[PATCH] drm/sched: Add error code parameter to drm_sched_start

Thu Jul 25 07:37:38 UTC 2024

Am 24.07.24 um 20:43 schrieb vitaly.prosyak at amd.com:
> From: Vitaly Prosyak <vitaly.prosyak at amd.com>
>
> The current implementation of drm_sched_start uses a hardcoded -ECANCELED to dispose of a job when
> the parent/hw fence is NULL. This results in drm_sched_job_done being called with -ECANCELED for
> each job with a NULL parent in the pending list, making it difficult to distinguish between recovery
> methods, whether a queue reset or a full GPU reset was used. To improve this, we first try a soft
> recovery for timeout jobs and use the error code -ENODATA. If soft recovery fails, we proceed with
> a queue reset, where the error code would still be -ENODATA for the job. Finally, for a full GPU
> reset, we use error codes -ECANCELED or -ETIME. This patch adds an error code parameter to
> drm_sched_start, allowing us to differentiate between queue reset and GPU reset failures.
> This enables user mode and test applications to validate the expected correctness of the requested
> operation. After a successful queue reset, the only way to continue normal operation is to call
> drm_sched_job_done with the specific error code -ENODATA.
>
> v1: Initial implementation by Jesse utilized amdgpu_device_lock_reset_domain and
>      amdgpu_device_unlock_reset_domain to allow user mode to track the queue reset status
>      and distinguish between queue reset and GPU reset.
> v2: Christian suggested using the error codes -ENODATA for queue reset and -ECANCELED or
>      -ETIME for GPU reset, returned to amdgpu_cs_wait_ioctl.
> v3: To meet the requirements, we introduce a new function drm_sched_start_ex with an additional
>      parameter to set dma_fence_set_error, allowing us to handle the specific error codes
>      appropriately and dispose of bad jobs with the selected error code depending on whether
>      it was a queue reset or GPU reset.

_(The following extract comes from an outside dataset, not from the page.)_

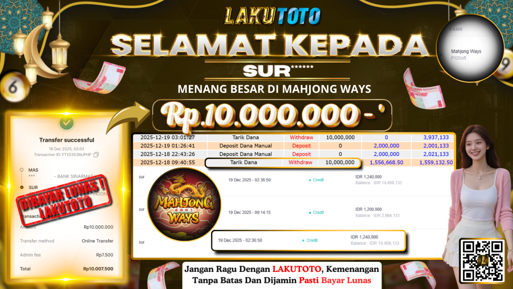 Kategori Bukti Bayar JP BUKTI BAYAR JP Penulis artikel Oleh Operator Lakutoto Tanggal artikel 19 Desember 2025 MAHJONG WAYS JUMAT, 19 DESEMBER 2025 RP10.000.000,- SELAMAT KEPADa PEMENANG, SALAM JP ← PREDIKSI HONGKONG LOTTO → BUKTI BAYAR JP

I've already send out a patch to remove the full reset parameter from 
the function and have another one in the pipeline to add the errno as 
optional parameter.

I'm currently just waiting for the feedback on those patches.

Regards,
Christian.

>
> Signed-off-by: Jesse Zhang <jesse.zhang at amd.com>
> Signed-off-by: Vitaly Prosyak <vitaly.prosyak at amd.com>
> ---
>   drivers/gpu/drm/scheduler/sched_main.c | 19 ++++++++++++++++---
>   include/drm/gpu_scheduler.h            |  1 +
>   2 files changed, 17 insertions(+), 3 deletions(-)
>
> diff --git a/drivers/gpu/drm/scheduler/sched_main.c b/drivers/gpu/drm/scheduler/sched_main.c
> index 7e90c9f95611..5a534772335a 100644
> --- a/drivers/gpu/drm/scheduler/sched_main.c
> +++ b/drivers/gpu/drm/scheduler/sched_main.c
> @@ -671,13 +671,14 @@ void drm_sched_stop(struct drm_gpu_scheduler *sched, struct drm_sched_job *bad)
>   EXPORT_SYMBOL(drm_sched_stop);
>   
>   /**
> - * drm_sched_start - recover jobs after a reset
> + * drm_sched_start_ex - recover jobs after a reset
>    *
>    * @sched: scheduler instance
>    * @full_recovery: proceed with complete sched restart
> + * @error : err code for set dma_fence_set_error
>    *
>    */
> -void drm_sched_start(struct drm_gpu_scheduler *sched, bool full_recovery)
> +void drm_sched_start_ex(struct drm_gpu_scheduler *sched, bool full_recovery, int error)
>   {
>   	struct drm_sched_job *s_job, *tmp;
>   	int r;
> @@ -704,7 +705,7 @@ void drm_sched_start(struct drm_gpu_scheduler *sched, bool full_recovery)
>   				DRM_DEV_ERROR(sched->dev, "fence add callback failed (%d)\n",
>   					  r);
>   		} else
> -			drm_sched_job_done(s_job, -ECANCELED);
> +			drm_sched_job_done(s_job, error);
>   	}
>   
>   	if (full_recovery)
> @@ -712,6 +713,18 @@ void drm_sched_start(struct drm_gpu_scheduler *sched, bool full_recovery)
>   
>   	drm_sched_wqueue_start(sched);
>   }
> +EXPORT_SYMBOL(drm_sched_start_ex);
> +/**
> + * drm_sched_start - recover jobs after a reset
> + *
> + * @sched: scheduler instance
> + * @full_recovery: proceed with complete sched restart
> + *
> + */
> +void drm_sched_start(struct drm_gpu_scheduler *sched, bool full_recovery)
> +{
> +	drm_sched_start_ex(sched, full_recovery, -ECANCELED);
> +}
>   EXPORT_SYMBOL(drm_sched_start);
>   
>   /**
> diff --git a/include/drm/gpu_scheduler.h b/include/drm/gpu_scheduler.h
> index 5acc64954a88..444fa6761590 100644
> --- a/include/drm/gpu_scheduler.h
> +++ b/include/drm/gpu_scheduler.h
> @@ -580,6 +580,7 @@ void drm_sched_wqueue_stop(struct drm_gpu_scheduler *sched);
>   void drm_sched_wqueue_start(struct drm_gpu_scheduler *sched);
>   void drm_sched_stop(struct drm_gpu_scheduler *sched, struct drm_sched_job *bad);
>   void drm_sched_start(struct drm_gpu_scheduler *sched, bool full_recovery);
> +void drm_sched_start_ex(struct drm_gpu_scheduler *sched, bool full_recovery, int error);
>   void drm_sched_resubmit_jobs(struct drm_gpu_scheduler *sched);
>   void drm_sched_increase_karma(struct drm_sched_job *bad);
>   void drm_sched_reset_karma(struct drm_sched_job *bad);